Many input ports to templated destinations

Will_Weber · August 25, 2018, 1:58pm

Hey all!

Looking primarily for a recommendation or two on how one would recommend structuring a logstash config that is supposed to receive nearly 300 potentially very diverse sets of logs over the network that don't necessarily conform to a given message structure.

IE, non-rfc-compliant syslog, compliant syslog, cef from others, json from others.

The primary goal however, is to identify those messages as they come in, and then route them to their own topic on kafka. Thankfully due to the templating system in logstash that is exceedingly simple.

To better construct my thought, here's a sample config:

input {
  tcp {
    port => 9000
    add_field => {
      topic => "syslog00"
    }
  }
  tcp {
    port => 9001
    add_field => {
      topic => "syslog01"
    }
  }
  tcp {
    port => 9002
    add_field => {
      topic => "syslog02"
    }
  }
#...(imagine another 297 input's similar to this)
}

output {
  kafka {
    bootstrap-servers => "kfk01.lan:9092,kfk02.lan:9092"
    topic_id => "%{[topic]}"
    compression => snappy
  }
}

I have a distinct feeling that there is a simpler way to do this, though I'm unable to really wrap my head around one that remains as easy to understand. Very open to suggestions as how to maybe make this a little better at scaling. (Also, not sure how well logstash would support this many open sockets at one time, though udp may be able to help with this, maybe?).

Unfortunately, there isn't really an easy way to identify the content of a message being passed in due to the lack of consistency in their structure(unstructured syslog, rfc-syslog, cef, json, etc.).

At first, I thought that using a translate filter and collection of hostnames or ip's would solve this, but due to the variation in hosts that would be sending in to this machine and the elastic nature of resources on the network, I figured that that path would be difficult to maintain long term.

Very open to suggestions or recommendations! Thanks for reading!

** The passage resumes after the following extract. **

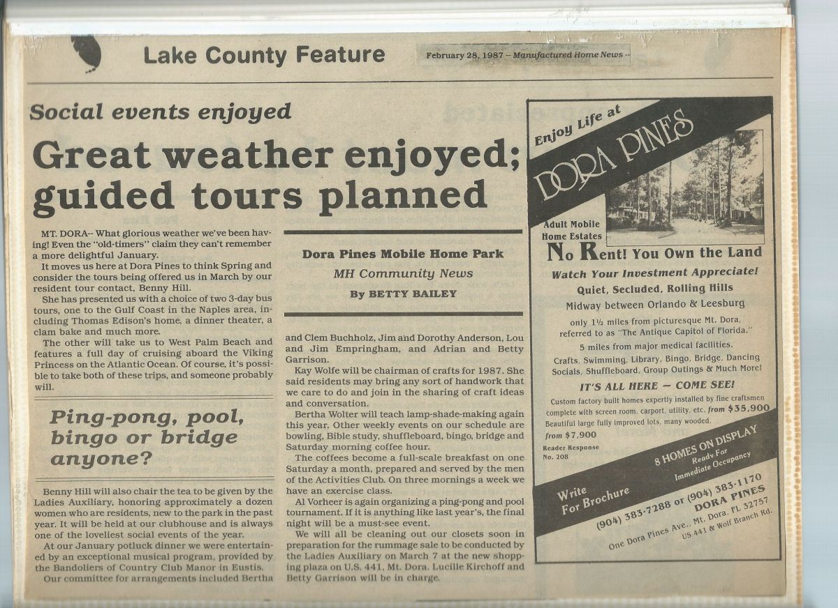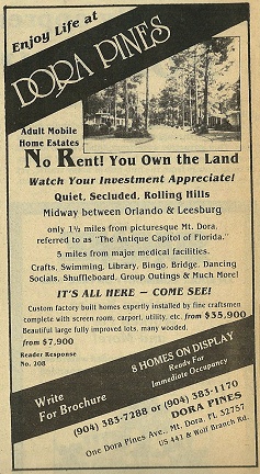 George Cota, a native of Vermont and owner/operator of a summer camp, had decided to seek investment in Florida. He formed a partnership of several people, the largest investors being himself and Bob Mathews“ They selected and purchased a large piece of land in Lake County just east of the Mount Dora city limits. Rezoning of the land from agriculture to mobile home zoning was effective in June 1971. Mr. Cota arrived on site August 1, 1971. Land clearing and mowing of the central portion had already been started.

magnusbaeck · August 27, 2018, 6:08am

Well, if it isn't practical to detect the message kind based on the payload I don't see another option besides different listening ports as exemplified above. I'd prefer autodetection, at least as the primary means of message classification. You might not get down to a single-digit port count but surely way less than 300.

Will_Weber · August 27, 2018, 2:28pm

Thanks for the response Magnus!

I'd definitely be up for considering an auto-detection method as well. Though I'm not sure which sets of plugins would potentially constitute that. Mind nudging me in the right direction?

magnusbaeck · August 27, 2018, 2:34pm

I was thinking regexp conditions in an if statement (wrapping a mutate filter that adds fields and/or tags) or a grok filter if you want to perform parsing and detection in one swoop.

Will_Weber · August 30, 2018, 3:30am

Thanks for the feedback!

system · September 27, 2018, 3:30am

This topic was automatically closed 28 days after the last reply. New replies are no longer allowed.